Dataset

Jester Jokes and Joker Recommender System Ratings

Added By Infochimps

Jester uses a collaborative filtering algorithm called Eigentaste to recommend jokes to you based on your ratings of previous jokes

Three datasets: Dataset 1 contains over 4.1 million continuous ratings (-10.00 to +10.00) of 100 jokes, that’s right…jokes, from 73,421 users collected between April 1999 – May 2003, Dataset 2 contains Over 1.7 million continuous ratings (-10.00 to +10.00) of 150 jokes from 63,974 users collected between November 2006 – May 2009, and the third dataset includes the jokes themselves.

Format

Data files are in .zip format, when unzipped, they are in Excel (.xls) format. Ratings are real values ranging from -10.00 to +10.00 (the value “99” corresponds to “null” = “not rated”). One row per user.
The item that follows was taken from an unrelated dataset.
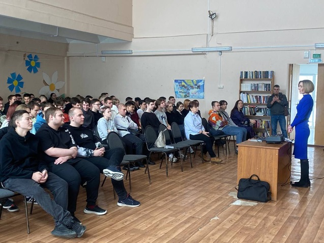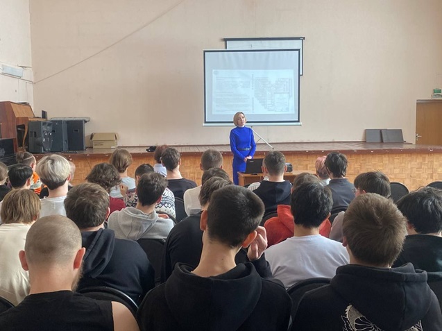 Инженер по качеству Козловская Виктория Петровна подробно рассказала ребятам о вакансиях на производстве, об условиях труда и социальных гарантиях. Студенты с интересом отнеслись к теме карьерного роста, перспективам профессионального развития, а также к возможности трудоустройства на неполную рабочую неделю.

The first column gives the number of jokes rated by that user. The next 100 columns give the ratings for jokes 01 – 100. The sub-matrix including only columns {5, 7, 8, 13, 15, 16, 17, 18, 19, 20} is dense. Almost all users have rated those jokes (see discussion of “universal queries” in the above paper).

License

Freely available for research use when acknowledged with the following reference: Eigentaste: A Constant Time Collaborative Filtering Algorithm. Ken Goldberg, Theresa Roeder, Dhruv Gupta, and Chris Perkins. Information Retrieval, 4(2), 133-151. July 2001.